Граф Толстой прислал сценарий «Петра I», а вместе с ним фантастическую повесть о полете на Марс, под которые тут же началось строительство декораций.
Наконец к студии прибился странный тихий человек. Он писал сказки о блистающем мире людей, преодолевающих земное притяжение или бегущих по волнам. Одна из его сказок — о девушке, ждущей принца на корабле с алыми парусами, — пленила Ожогина наивной верой в чудо.
Итак, Зарецкая наезжала в Ялту редко, и время ее было занято обсуждением с Ожогиным строительных проблем, коих было немало. По ночам же, во флигельке перед камином, говорить о Кторове и вовсе было неуместно.

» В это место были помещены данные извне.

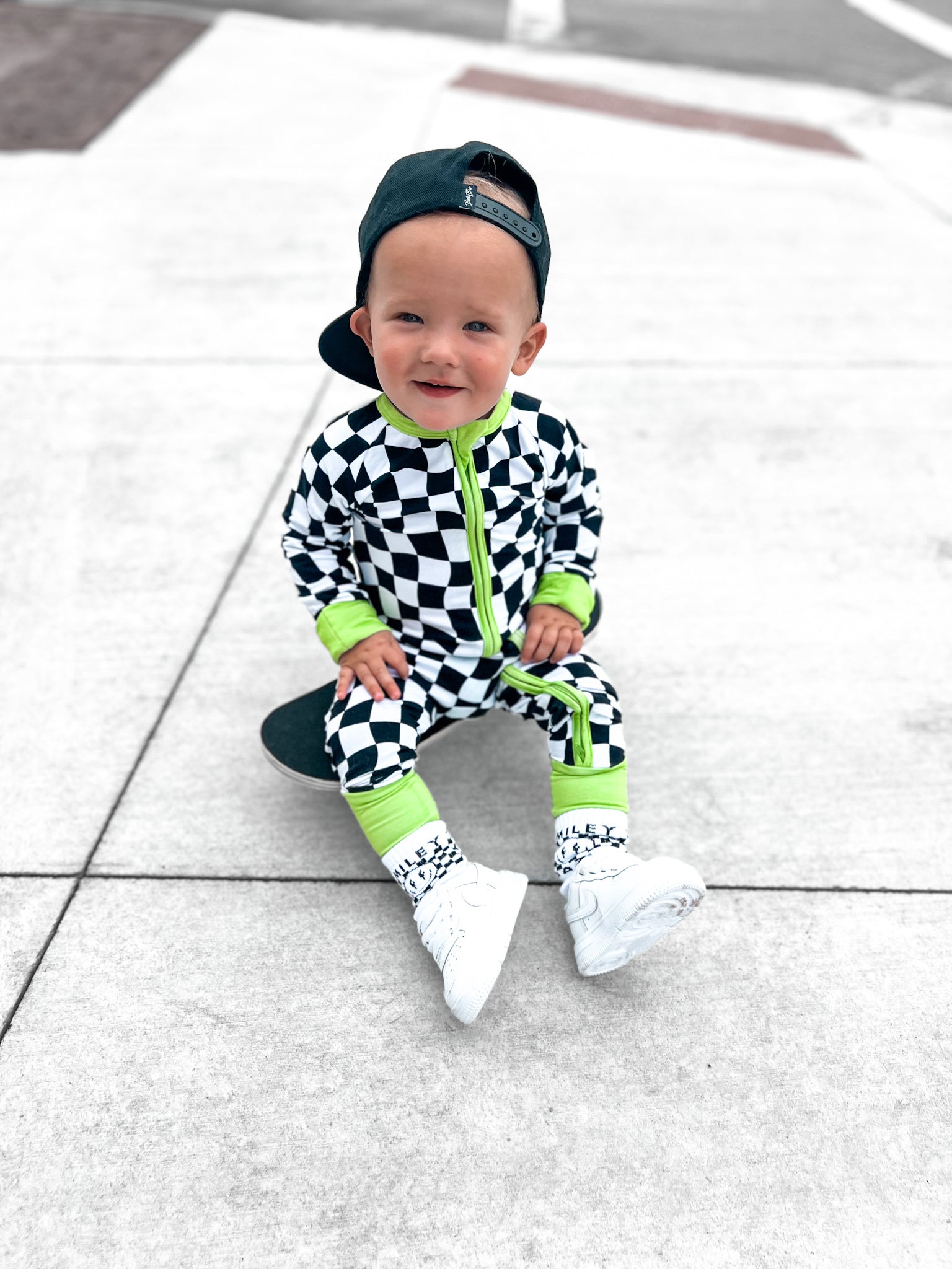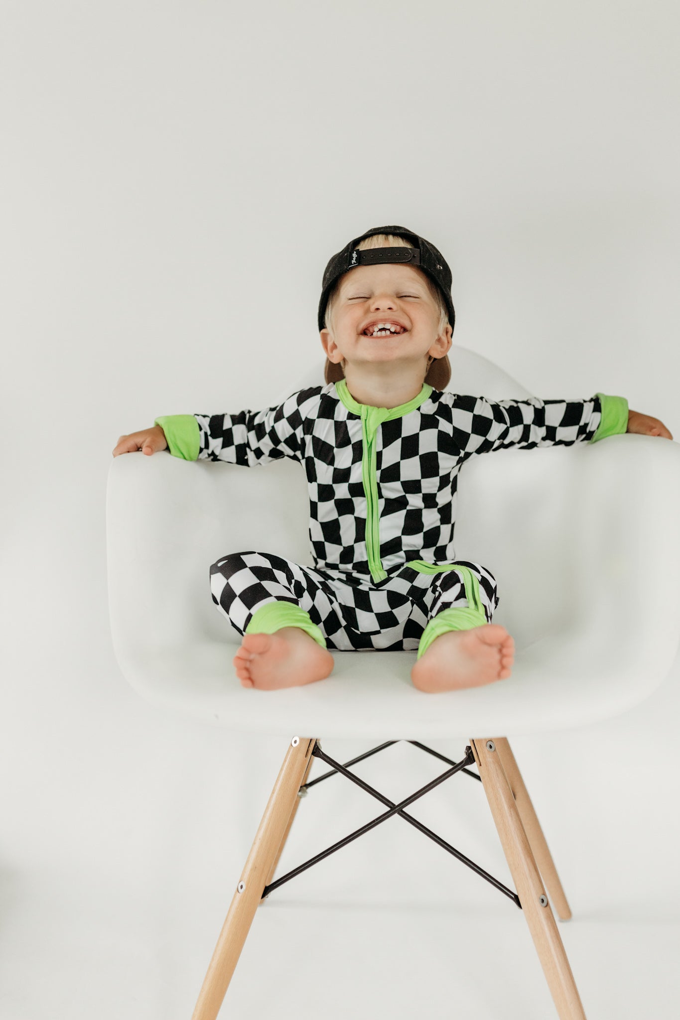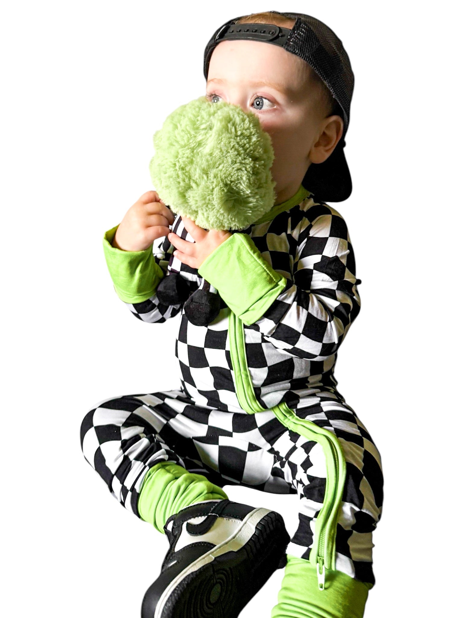 Say hello to bedtime with a twist. The Twilight Zone Zippies are made from buttery-soft, breathable bamboo — perfect for daydreams, playtime, or lights-out snuggles. Featuring a bold warped checkered print with electric green trim, this sleeper brings a little chaos (the cute kind) to your baby’s nighttime wardrobe.

Как-то — почти сразу по заключении контракта — они встретили его в том кафе, где Ожогин заплатил за его чашку кофе. На Кторове был все тот же потрепанный пиджак, брюки с бахромой и залатанные ботинки. И сидел в той же позе — неподвижно, положив ногу на ногу, с застывшим лицом. Ожогин хотел было познакомить с ним Зарецкую и тут же все разъяснить, но что-то удержало его. Он кивнул Кторову и повел Зарецкую в дальний угол. Между тем какая-то развеселая компания через официанта передала Кторову приглашение пересесть за их столик — он уже приобрел популярность среди ялтинской публики. Кторов направился к их столику, но на полпути остановился и полез в карман за носовым платком. Не обнаружив платка, вывернул карман. Горсть стеклянных шариков брызнула на пол. Кторов поскользнулся, откинулся назад, потом резко наклонился вперед, пытаясь удержать равновесие, и принялся раскидывать в разные стороны руки и ноги, извиваться всем телом, катаясь на шариках по всему залу. Публика захохотала. Наконец Кторов плюхнулся на стул, осушил бокал вина, встал, поклонился, собрался было уходить, но неожиданно положил на стол ногу. Подумал и положил вторую. Завис в воздухе на несколько секунд и рухнул на пол. Перекувырнувшись через спину, он встал, как ни в чем не бывало вытащил из нагрудного кармана сигару, закурил, и та заискрила бенгальским огнем. Посетители кафе заревели и забили в ладоши.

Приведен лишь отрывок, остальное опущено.